Octo Flow
- GitHub: https://github.com/writeonlycode/octo-flow
- Crates.io: https://crates.io/crates/octo-flow
Octo Flow is a high-performance command-line tool written in Rust for processing large streams of GitHub event data.
The Problem
GitHub Archive datasets are published as compressed NDJSON files, often reaching gigabytes in size. Processing this data efficiently is challenging:
- Loading the full dataset into memory is not feasible
- Traditional tools can be slow or memory-intensive
- Simple tools like
greplack structured JSON parsing
The Solution
Octo Flow processes NDJSON streams line-by-line, transforming raw event data into clean tabular output while maintaining a constant memory footprint.
It is designed for:
- data pipelines
- log processing
- analytics workflows
- ETL preprocessing
Example
curl https://data.gharchive.org/2026-03-11-15.json.gz \
| zcat \
| octo-flow --input - --event WatchEventExample Output
2489651057 2015-01-01T15:00:03Z SametSisartenep visionmedia/debug WatchEvent
2489651078 2015-01-01T15:00:05Z comcxx11 phpsysinfo/phpsysinfo WatchEvent
2489651080 2015-01-01T15:00:05Z Soufien wasabeef/awesome-android-libraries WatchEventArchitecture
The tool uses a streaming pipeline:
input stream
↓
BufReader
↓
line iterator
↓
serde_json parser
↓
event filter
↓
TSV output
This design allows multi-gigabyte datasets to be processed using only a few megabytes of memory.
Technical Highlights
- Streaming JSON parsing with Serde
- Zero-copy deserialization using
&str - Buffered I/O with
BufReader - Iterator-based processing
- Structured error handling with
thiserror - CLI integration tests using
assert_cmd
Performance
Benchmark on a ~9.5MB dataset (~65k events):
| Tool | Time |
|---|---|
| jq | 0.40s |
| octo-flow | 0.053s |
| grep | 0.001s |
While grep is faster, it does not perform structured parsing.

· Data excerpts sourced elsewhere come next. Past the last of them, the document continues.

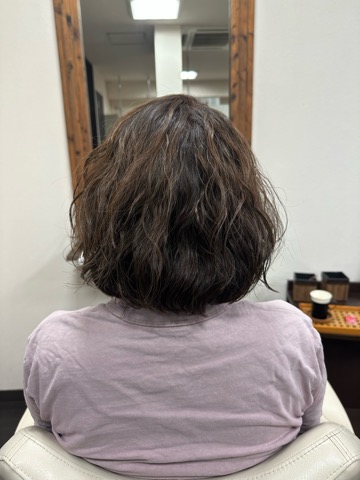 以前エアウェーブでかけたパーマがちょうど良く出ていますが、肩スレスレくらいに切りたい。が希望です。
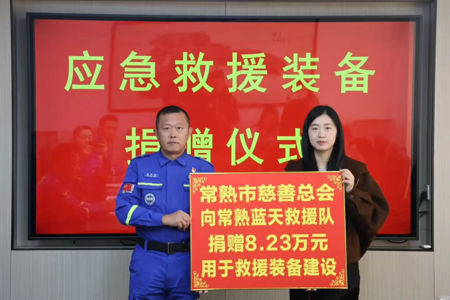 常熟市慈善总会对应急救援事业的支持从未间断。2023年2月,在常熟市蓝天救援队8名队员赴土耳其震区开展救援工作之际,常熟市慈善总会联合人保财险常熟中心支公司迅速行动,为队员捐赠每人保额50万元的意外险,涵盖意外伤亡伤残、医疗费用等多项保障,并向队员家属每户赠送3000元慈善慰问金,为出征勇士解除后顾之忧。更早之前的2022年7月,常熟市慈善总会向常熟市蓝天救援队捐赠了两辆价值7万元的冲锋舟,为水上救援增添助力。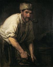 | Keywords: Carpenter by Kapiton Pavlov (1838, Russian museum).jpg К С Павлов Плотник 1838 Холст масло 94 5 х 77 а обо оте авто ская надпись 1838 Года съ нату ы писалъ Капитонъ Павловъ Пост в 1938 че ез ЛЗК соб ание В Д Ф олова Ж-5258 Ка тину «Плотник» можно отнести к нечасто вст е- чающемуся жан у «п офессионального по т ета» Очевидно абота была выполнена с нату ы фигу а аботающего мужчины заго елое лицо с к упными че тами мане а ку ить т убку за аботой взяты из жизни Живописец написал «Плотника» в пе иод своей жизни в ало оссии когда он п еподавал и- сование в ежинской гимназии где его учениками были В Гоголь А ок ицкий П Кукольник и д угие В ка тине от азились впечатления худож- ника от еальной жизни нелегкого т уда п иносяще - го масте овому человеку истинное удовлетво ение Лица России По т етная гале ея Русского музея 1838 Kapiton Pavlov 19th-century portraits in the Russian Museum Faces of Russia GRM 2012 Files uploaded by Shakko from various sources Kapiton Pavlov Carpenters in art PD-old |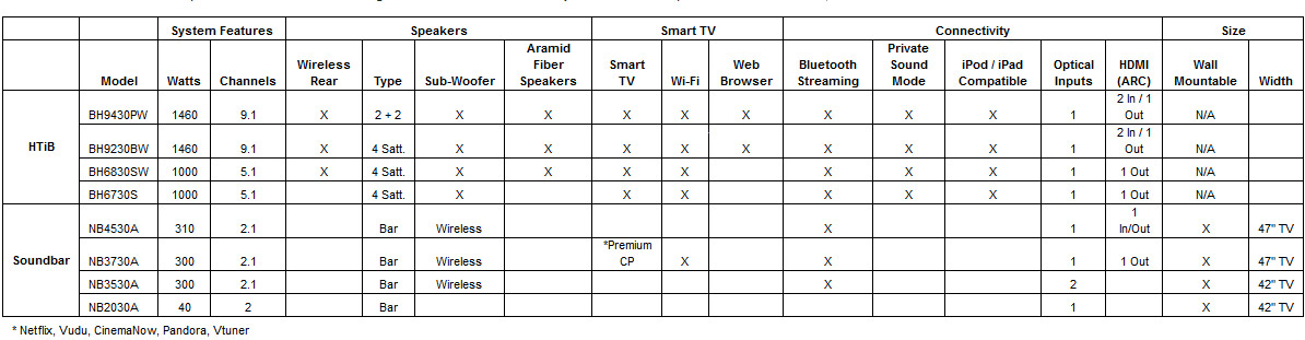 Also serving as a smart hub, the BH9430PW supports Near Field Communication (NFC), which offers wireless and seamless content mirroring from smartphones and other compatible external devices. In addition, it has other excellent Smart TV capabilities such as web browsing*. Additional Home Theaters Systems in the lineup include the BH9230BW, BH6830SW and BH6730S.

Octo Flow achieves near-native performance with full JSON awareness.
Outcome
Octo Flow demonstrates how to build efficient, streaming data pipelines in Rust, combining:
- predictable memory usage
- high throughput
- strong type safety
This approach is especially useful for systems that need to process large volumes of data reliably.